▶ THE TASK: Every line below from the one containing "en kort dröm." through the one containing "20000-1:2018(JIS Q 20000-1:2020)の箇条" is to be printed exactly, with the pictures omitted.

▶ SOURCE RECORDS:
===

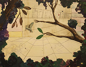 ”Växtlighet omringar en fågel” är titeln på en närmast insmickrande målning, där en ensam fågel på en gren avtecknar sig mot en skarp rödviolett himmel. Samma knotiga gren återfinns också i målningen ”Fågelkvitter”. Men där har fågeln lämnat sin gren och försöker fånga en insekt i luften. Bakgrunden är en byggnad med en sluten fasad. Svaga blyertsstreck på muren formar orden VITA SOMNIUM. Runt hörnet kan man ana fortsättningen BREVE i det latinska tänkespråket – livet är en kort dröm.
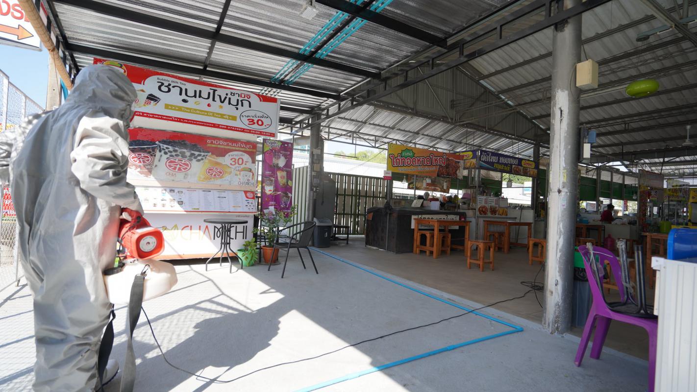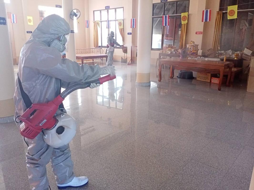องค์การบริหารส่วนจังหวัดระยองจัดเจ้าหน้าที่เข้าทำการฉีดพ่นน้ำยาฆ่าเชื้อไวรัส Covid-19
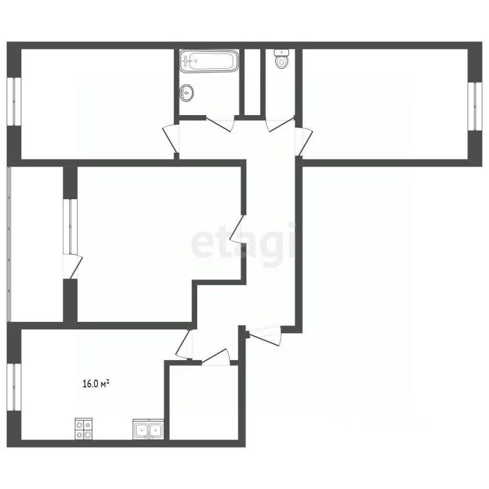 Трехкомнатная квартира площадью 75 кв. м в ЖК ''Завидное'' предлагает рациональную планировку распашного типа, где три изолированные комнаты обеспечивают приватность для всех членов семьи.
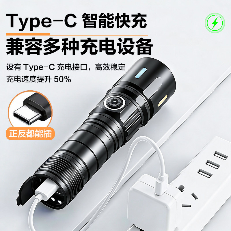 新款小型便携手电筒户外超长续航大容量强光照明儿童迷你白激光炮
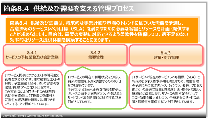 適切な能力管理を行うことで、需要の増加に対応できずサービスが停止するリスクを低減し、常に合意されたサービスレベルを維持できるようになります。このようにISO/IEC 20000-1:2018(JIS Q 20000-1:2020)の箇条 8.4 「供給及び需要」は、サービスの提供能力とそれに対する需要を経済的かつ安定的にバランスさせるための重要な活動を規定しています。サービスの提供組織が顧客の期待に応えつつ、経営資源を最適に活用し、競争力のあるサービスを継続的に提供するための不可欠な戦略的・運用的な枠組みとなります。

===

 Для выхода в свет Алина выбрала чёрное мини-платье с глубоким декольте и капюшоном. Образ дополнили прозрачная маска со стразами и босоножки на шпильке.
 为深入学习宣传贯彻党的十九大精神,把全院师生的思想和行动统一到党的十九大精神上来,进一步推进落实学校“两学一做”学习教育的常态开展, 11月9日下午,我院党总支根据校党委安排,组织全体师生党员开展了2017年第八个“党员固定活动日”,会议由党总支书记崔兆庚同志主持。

===

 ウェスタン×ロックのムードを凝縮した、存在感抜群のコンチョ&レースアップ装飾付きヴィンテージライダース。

===

▶ RESPONSE TO THIS EXERCISE:
 ”Växtlighet omringar en fågel” är titeln på en närmast insmickrande målning, där en ensam fågel på en gren avtecknar sig mot en skarp rödviolett himmel. Samma knotiga gren återfinns också i målningen ”Fågelkvitter”. Men där har fågeln lämnat sin gren och försöker fånga en insekt i luften. Bakgrunden är en byggnad med en sluten fasad. Svaga blyertsstreck på muren formar orden VITA SOMNIUM. Runt hörnet kan man ana fortsättningen BREVE i det latinska tänkespråket – livet är en kort dröm.
องค์การบริหารส่วนจังหวัดระยองจัดเจ้าหน้าที่เข้าทำการฉีดพ่นน้ำยาฆ่าเชื้อไวรัส Covid-19
 Трехкомнатная квартира площадью 75 кв. м в ЖК ''Завидное'' предлагает рациональную планировку распашного типа, где три изолированные комнаты обеспечивают приватность для всех членов семьи.
 新款小型便携手电筒户外超长续航大容量强光照明儿童迷你白激光炮
 適切な能力管理を行うことで、需要の増加に対応できずサービスが停止するリスクを低減し、常に合意されたサービスレベルを維持できるようになります。このようにISO/IEC 20000-1:2018(JIS Q 20000-1:2020)の箇条 8.4 「供給及び需要」は、サービスの提供能力とそれに対する需要を経済的かつ安定的にバランスさせるための重要な活動を規定しています。サービスの提供組織が顧客の期待に応えつつ、経営資源を最適に活用し、競争力のあるサービスを継続的に提供するための不可欠な戦略的・運用的な枠組みとなります。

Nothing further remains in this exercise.